What always got me is that, for at least the first several years, Google couldn't get their store page to handle the load when they were releasing a new phone and it'd be crapping out for days.
Steam still craps out during large sales. I really wonder how Valve calculates that it's fine to keep losing out on (cumulatively) hours of sales each time.
Woa, and I always wonder why it's only me that seems to have to use the developer tools to enable that stupid submit button when I filled out every field on the page correctly, shaking my head and wondering how normal people use the internet. I keep thinking it's got to be something about using firefox instead of a big tech browser, my mouse gestures extension, I don't know but normal webshops are broken so often it's insane. Thanks for sharing that it's not just me!
I think the loss may not have been as much as you think; sure, nobody could buy tickets for a few hours, so theoretically the company lost millions of revenue during that time. But that assumes people wouldn't just try again later. Downtime does not, in practice, translate to losses I think.
I mean look at Twitter, which was famously down all the time back when it first launched due to it popularity and architecture. Did it mean people just stopped using Twitter? Some might, the vast majority and then some didn't.
Downtime isn't catastrophic or company-ending for online services. It may be for things in space or high-frequency trading software bankrupting the company, but that's why they have stricter checks and balances - in theory, in practice they're worse than most people's shitty CRUD webservices that were built with best practices learned from the space/HFT industries.
Even with HFT you’d have to have more than 50% of your trades go against you to lose any money, and you’ll probably have hedges, and losing some % of money will be within normal operation parameters. Shit happens! Links go down, hardware fails, bugs slip through no matter how diligent you are. (No I’m not looking to be hired by any HFT shops)
Being an airline boss I would really have hoped the response would have been more in line with the ethos of a plane crash postmortem, i.e. find the system causes and fix those. Maybe you need a copilot when doing live deployments and that copilot had authority to stop the rollout. Along with the usual devops
guards.
This reminds me of that old joke that ends "Why would I fire you? We just spent millions training you!".

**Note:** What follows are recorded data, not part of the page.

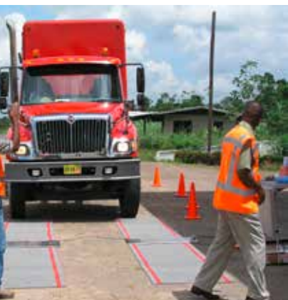
au Surinam avec des pèses roues es
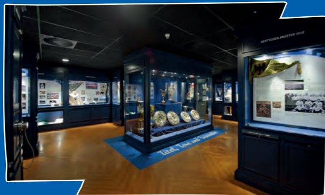
Alle HSV-Kids hatten in der Aktionswoche freien Eintritt ins HSV-Museum. Anschließend konnten sie noch im HSV-Shop vorbeischaun – da gab es nämlich den Print des Lieblingsspielers beim Kauf eines Trikots gratis dazu.
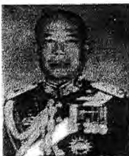
พลเอก พิชาญเมธ ม่วงมณี

People who take on high risk projects are underappreciated. But many managers prefer employees who can reliably deliver zero value, than those with positive expected value but non-zero variance.
There must be more people like you in those major airlines, as those sites go down all the damn time. 6 hours..??? The lufthansa desktop site didn't allow anyone book anything for like 3 weeks straight, you had to use the app instead.
Your company should definitely have had a production-identical staging environment if an hour of downtime means millions lost :D
That development would be an obvious investment that pays for itself. I’m in banking, and terrified of making even a slightly complex deployment without validating it in production first. (Complex here referring to that it might be dependent not just on code changes, but also environment).